К Владимиру Вадимовичу мы напросились на интервью одними из первых: нам хотелось самим поближе узнать, что за человек будет в течение ближайших лет на официальном уровне связывать нас с нашей большой Родиной, и рассказать об этом крымчанам.
— Быть генеральным консулом — это уже самостоятельная работа…
— Да, это уже руководитель самостоятельного, дипломатического и консульского учреждения.
— А как становятся генеральными консулами?
— Это такой следующий этап в карьере; это непредсказуемо, и особой логики в этом нет.

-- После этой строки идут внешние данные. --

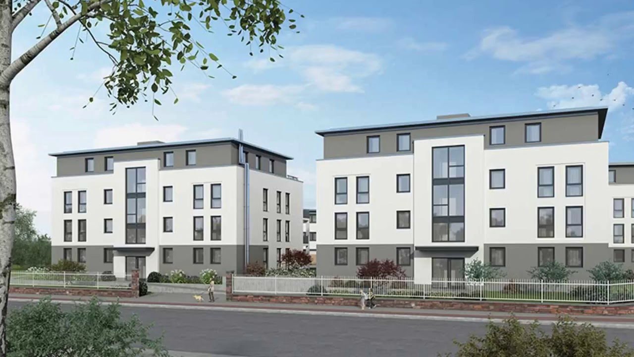 Auf dem neu entstehenden Wohnhof des ehemaligen Holz-Müller-Geländes werden auch 6 Doppelhaushälften gebaut.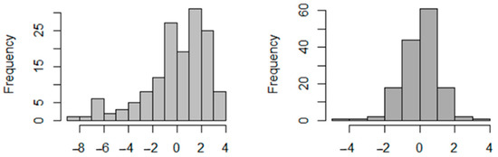 As part of the principal component analysis, we identified the distribution of results of the variables in the previously identified dimensions. In the case of Dim 1, an asymmetry to the right is observed, indicating better performance results of the organizations in the variables that are part of this dimension. In the case of Dim 2, the organizations’ performances have a more symmetrical distribution, showing results closer to their mean. Figure 7 shows the distributions.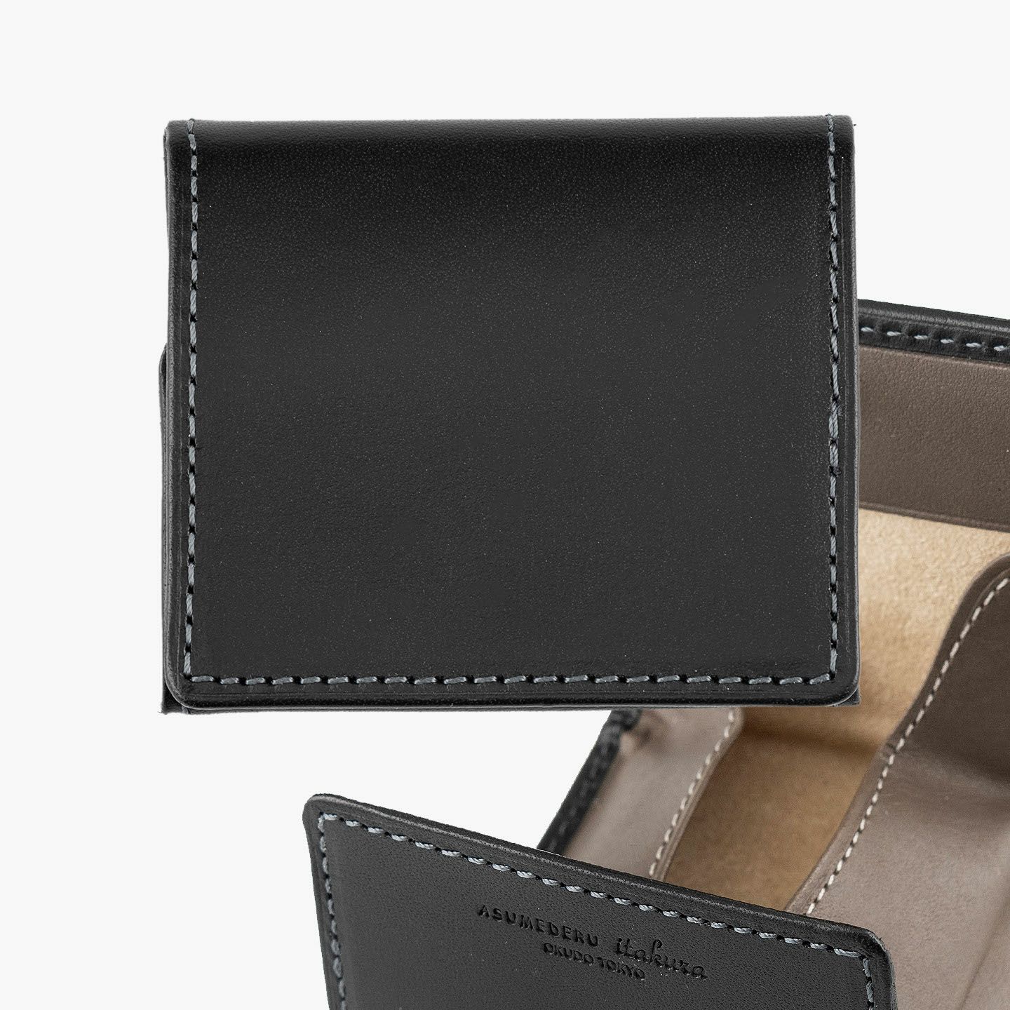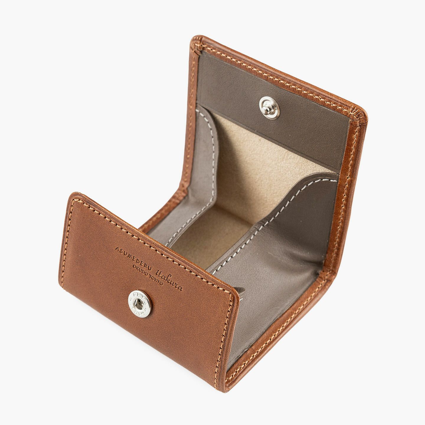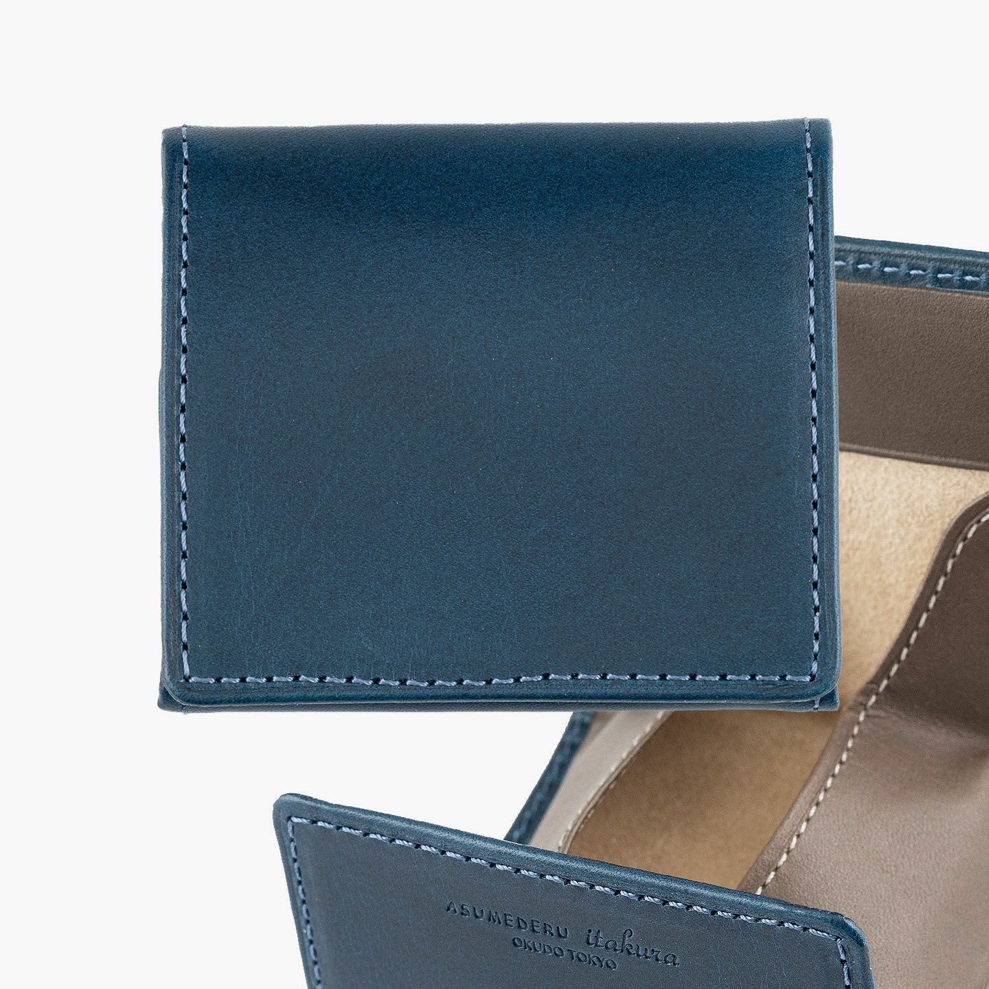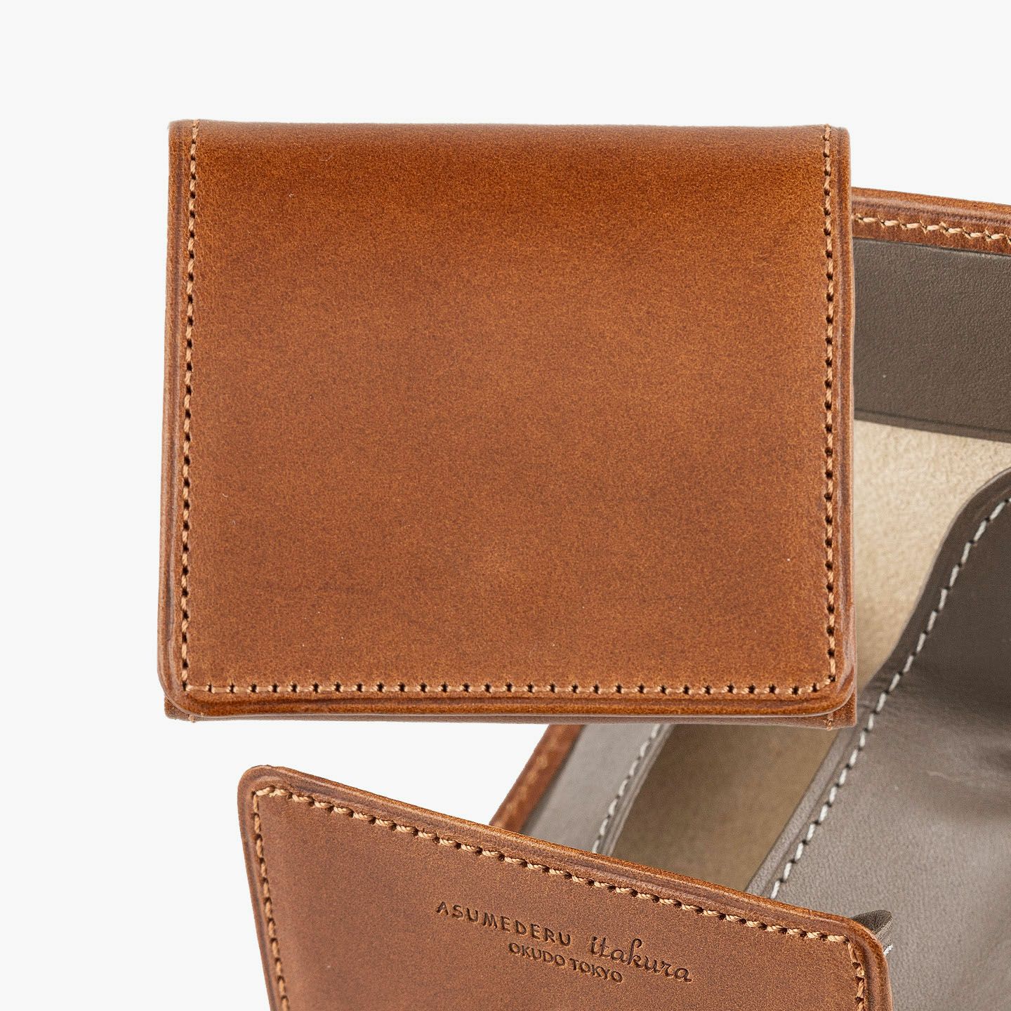挑戦し続けるという想いや技術・感性を注ぎ込みながら試行錯誤を重ね、40年以上も財布を作り続けている革製品ブランド『ASUMEDERU』のコインケース。収納物の出し入れしやすさを徹底的に追求したボックス型小銭入れは、垂直ではなく斜めに大きく開く舟形の設計にすることで、とても小さいサイズ感ながらマチも倒れず扱いやすい機能美を実現。パンツのサイドポケットにも楽に入れて軽やかに携えられるスマートな外装として、イタリア・ワルビエ社の伝統的な技法による最高級ヌメ革「ブッテーロ」を贅沢に纏わせ、しっかりとした手触りと新鮮なツヤ感による上質感あふれる魅力で、愛らしいフォルムを際立たせてくれる。

— Как начальство назначит..?
— Не только начальство. Это какие-то личные профессиональные, и не только, вещи. Это результат того, что сложилось на предыдущих этапах карьеры — какие-то знакомства, и необязательно вверх по вертикали — может быть и по горизонтали. Это и свой выбор: некоторые считают, что консульские задачи — это безусловно часть дипломатической службы, но больше нацеленная на практические задачи, без особого «полета творчества». Приходится выбирать: ты идешь чисто по дипломатической стезе или все-таки готов отказаться от какой-то части дипломатических, профессиональных задач и в значительной степени посвятить себя решению каких-то технических, практических или юридических вопросов.
в Симферополе
— Послом, насколько известно, может стать и политик, совершенно не обязательно закончивший дипломатическую академию, и любого возраста. А консульскую должность занимает только карьерный дипломат?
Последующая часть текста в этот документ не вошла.